Dataset records:
- Opening Delimiter -

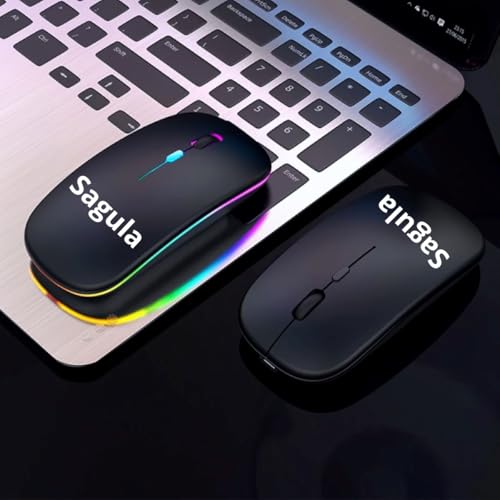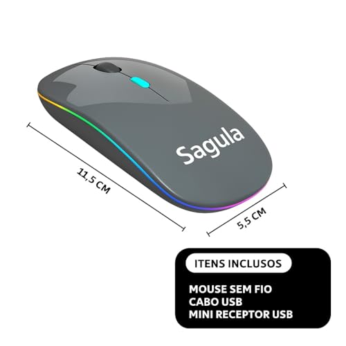 Mouse Sem Fio Recarregável Sagula com LED RGB Colorido – Ergonômico, Silencioso, 2.4G USB, Design Slim, para Notebook e PC – Compatível com Windows, Mac, Linux e Android (PRETO)
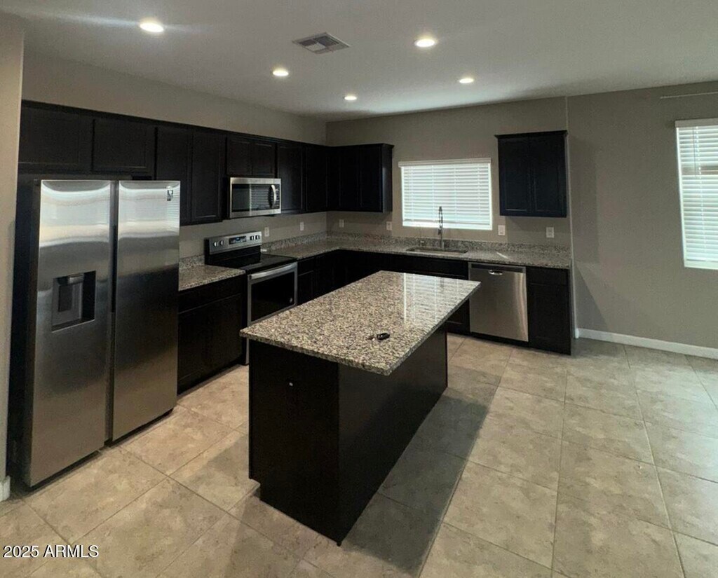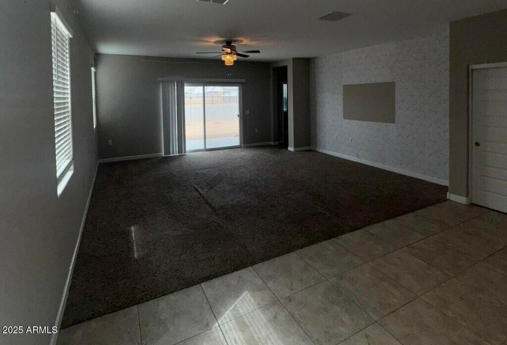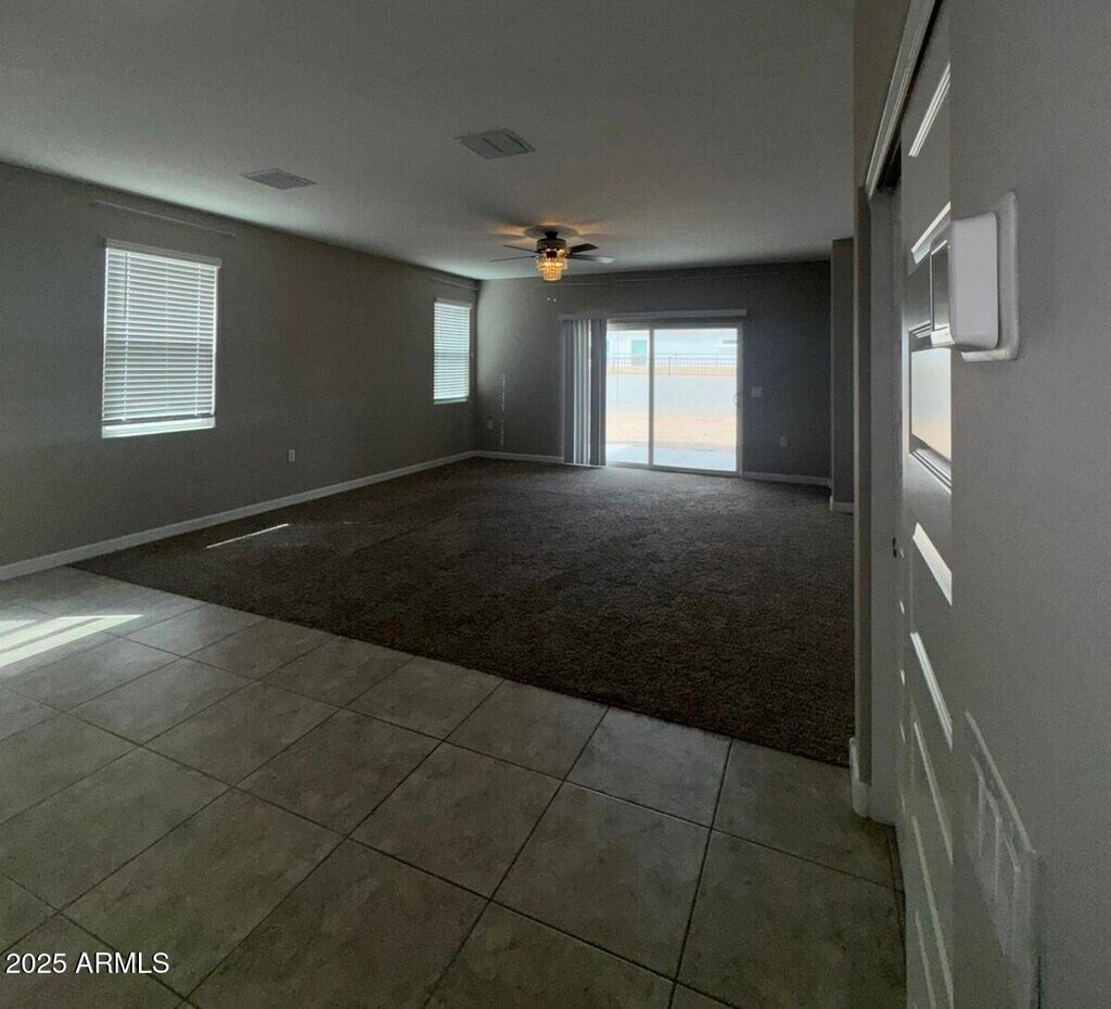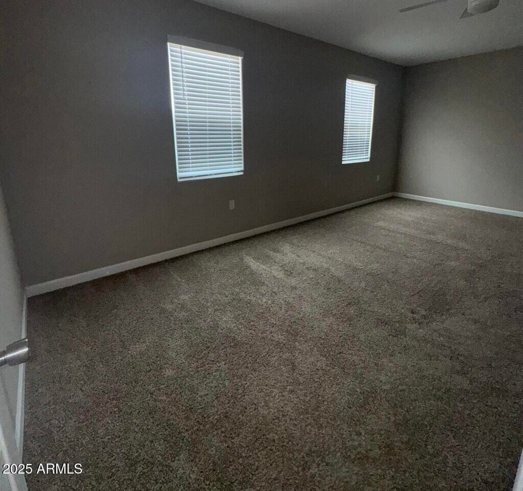 LOCATION! Corner Lot in Prime Laveen Community. This spacious single-story Blackstone floor plan offers 5 bedrooms,3 bathrooms,and a 2-car garage. The open-concept kitchen overlooks the great room and features granite countertops,upgraded cabinets,and stainless steel appliances including a newly installed RO system. The primary suite includes a full bath with double sinks and a walk-in closet. Upgrades include: Smart Home technology,Taexx built-in pest control,rain gutters,20x20 tile throughout with carpet in all bedrooms and great room,and two-tone paint. Washer,dryer,and refrigerator are included. Property is conveniently located near Baseline & Loop 202,with mountain views and easy access to shopping. Rent is flexible!
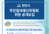 천안시, 제5기 주민참여예산위원회 위원 공개 모집
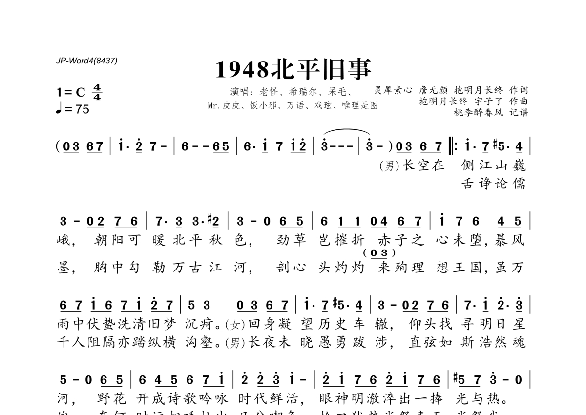 《1948北平旧事》是老怪、希瑞尔、呆毛演唱的一首歌曲,拍号为4/4拍,歌曲速度为每分钟75拍,这份简谱共有两张高清图谱,图谱由 @桃李醉春风 编配上传。
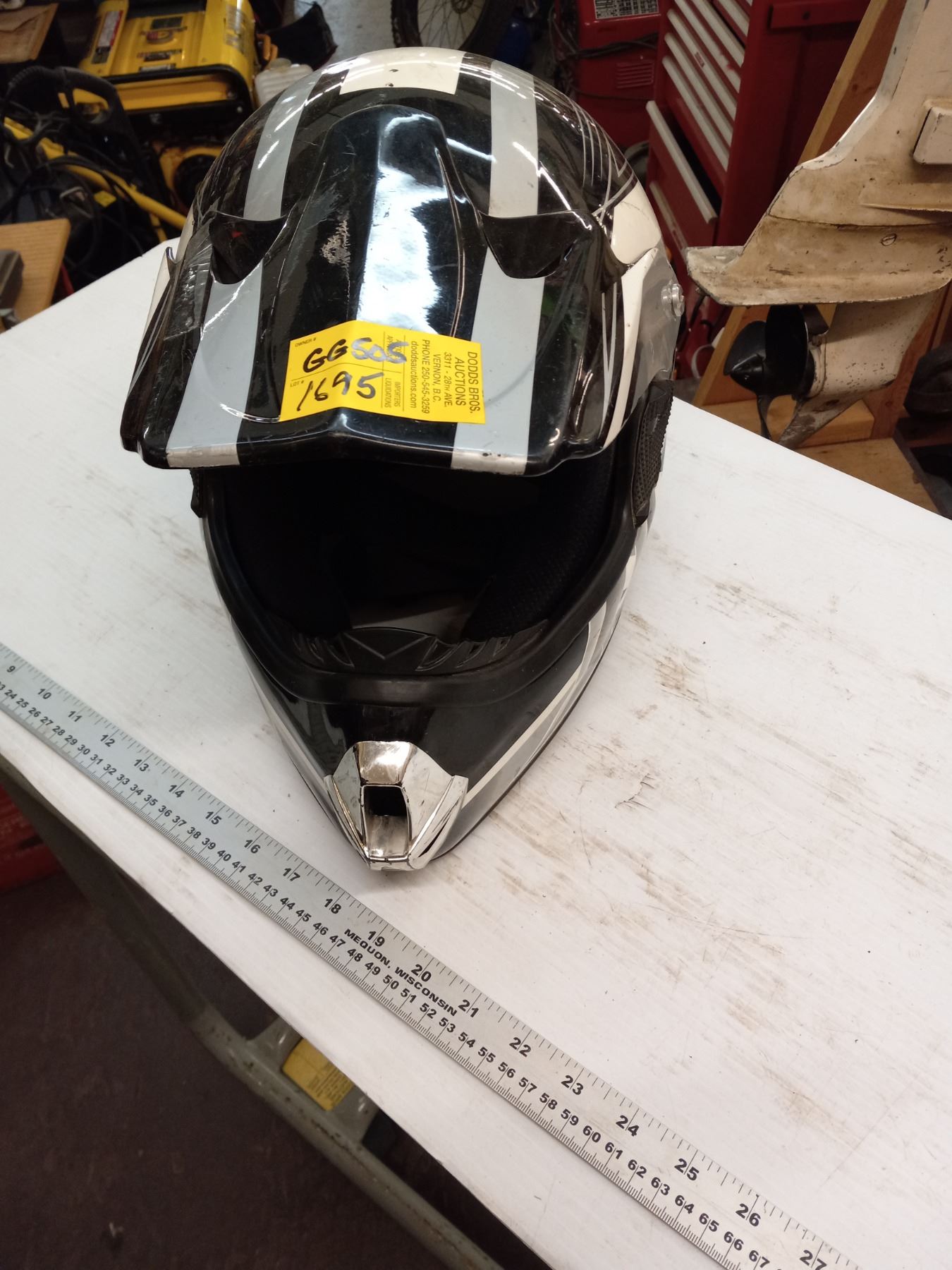BLACK, GREY AND WHITE MOTOR CYCLE HELMET
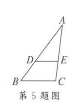 5.D 解析:$\because DE// BC$,$DE=2k$,$BC=3k$,$\therefore\triangle ADE\backsim\triangle ABC$,$\therefore\frac{AD}{AB}=\frac{DE}{BC}=\frac{2k}{3k}=\frac{2}{3}$.
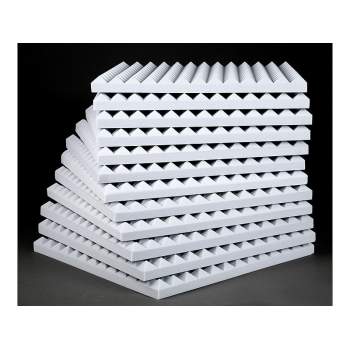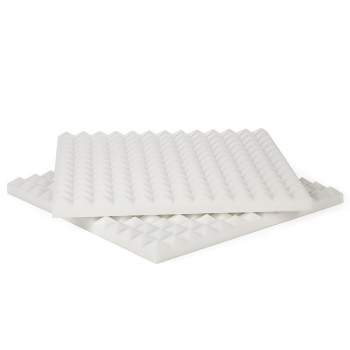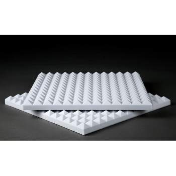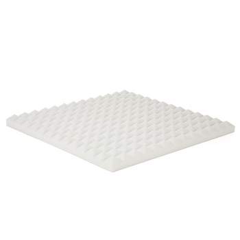 Fireproof acoustic absorbers (pyramid-shaped) presented in 585 x 585mm panels (thickness of 45mm). Self-installable, glued mounting with Skac Adhesive; sold in units! Basotect® acoustic foam, in white or light grey, fire class: M1.
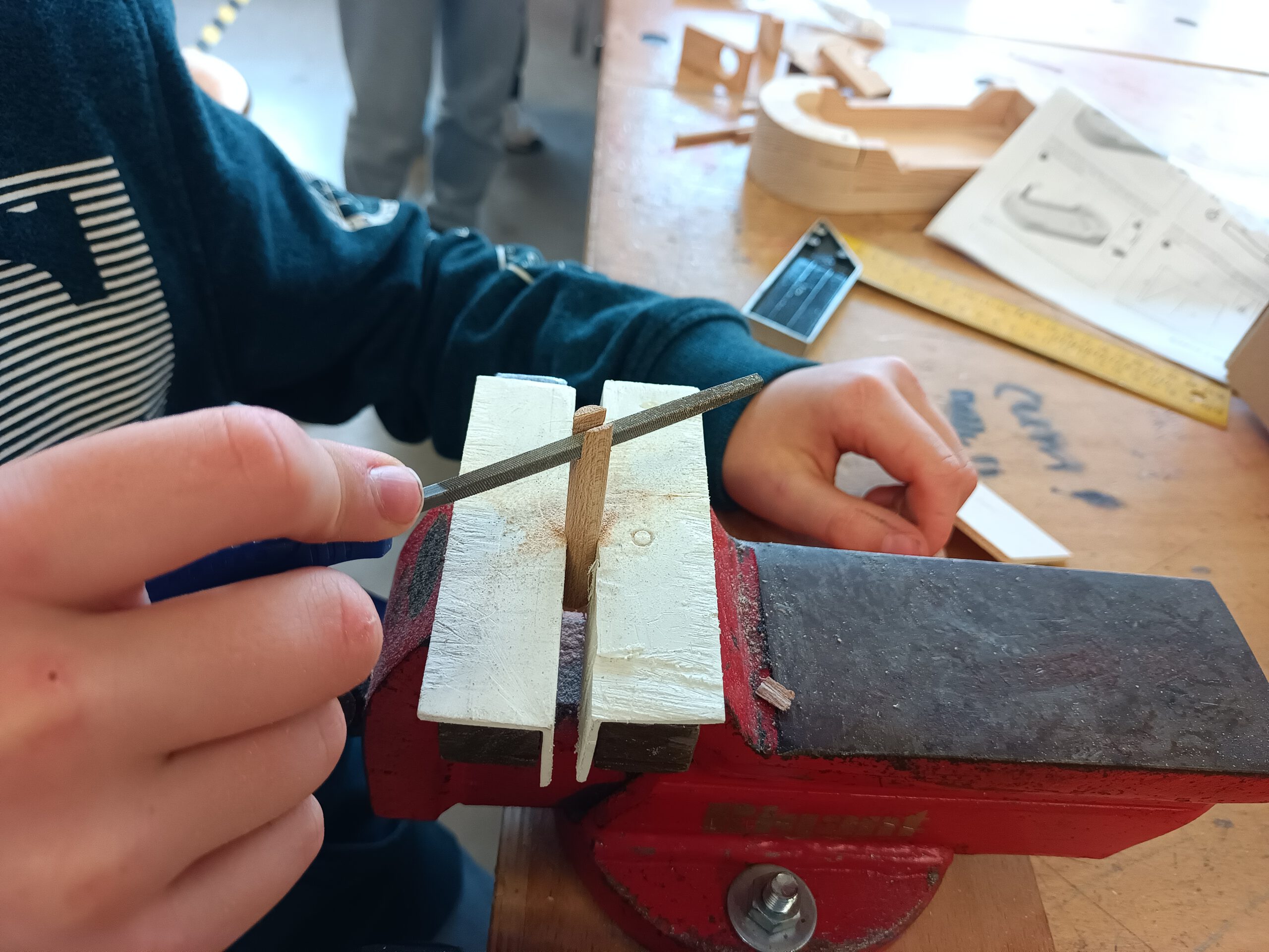 In diesem Schuljahr stellt der Kurs Technik 7 einen Fischkutter aus Holz her. Während der Rumpf aus Kiefer besteht, werden für den Mast Buchenrundstäbe verwendet. Für das Ruder und das…
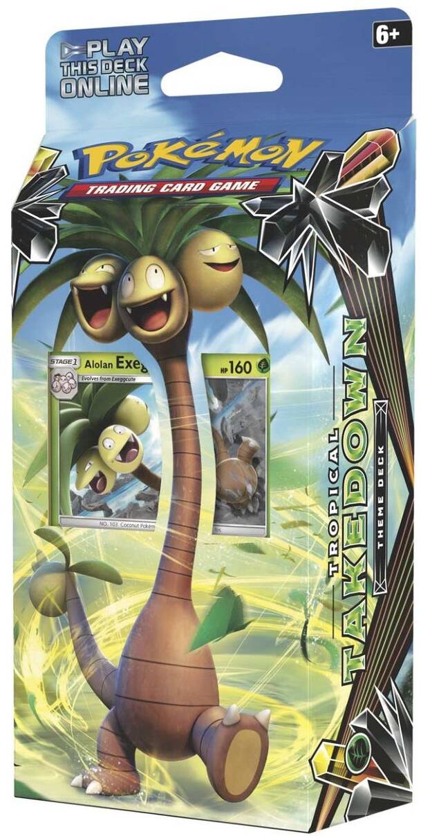 The Tropical Takedown Theme Deck is from the Forbidden Light expansion of the Pokémon Trading Card Game, the sixth expansion in the Sun & Moon series. However, it also contains cards from earlier expansions in the Sun & Moon series. It predominantly focuses on Alolan Pokémon, with the main Pokémon being Alolan Exeggutor. Like other Theme Decks, Tropical...
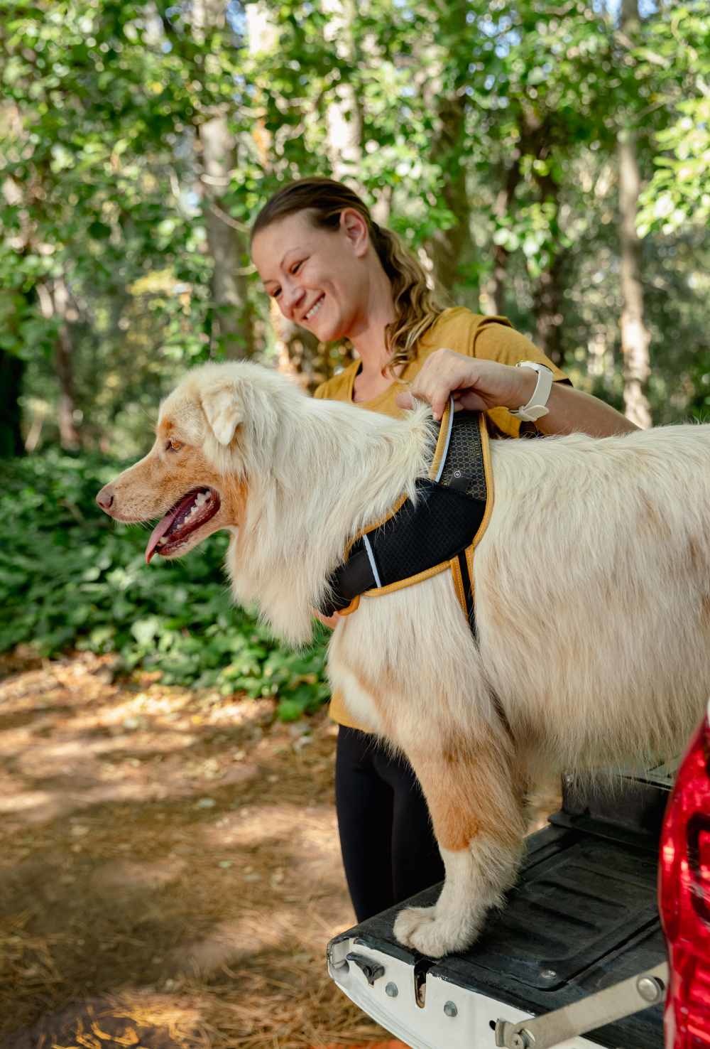 Pull the harness over the dog’s head and clip the buckle under girth. - Belay loop
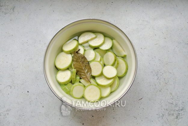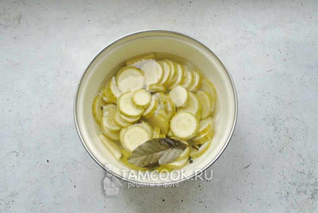 Выложите нарезанные кабачки в таз и залейте маринадом.

- Closing Delimiter -

◆ What this task involves
Give again, exactly as written above, every line from the one holding "BLACK, GREY AND WHITE MOTOR CYCLE HELMET" to the one holding "5.D 解析:$\because DE//", with both ends kept and the pictures left out.

◆ Solution to the exercise
BLACK, GREY AND WHITE MOTOR CYCLE HELMET
 5.D 解析:$\because DE// BC$,$DE=2k$,$BC=3k$,$\therefore\triangle ADE\backsim\triangle ABC$,$\therefore\frac{AD}{AB}=\frac{DE}{BC}=\frac{2k}{3k}=\frac{2}{3}$.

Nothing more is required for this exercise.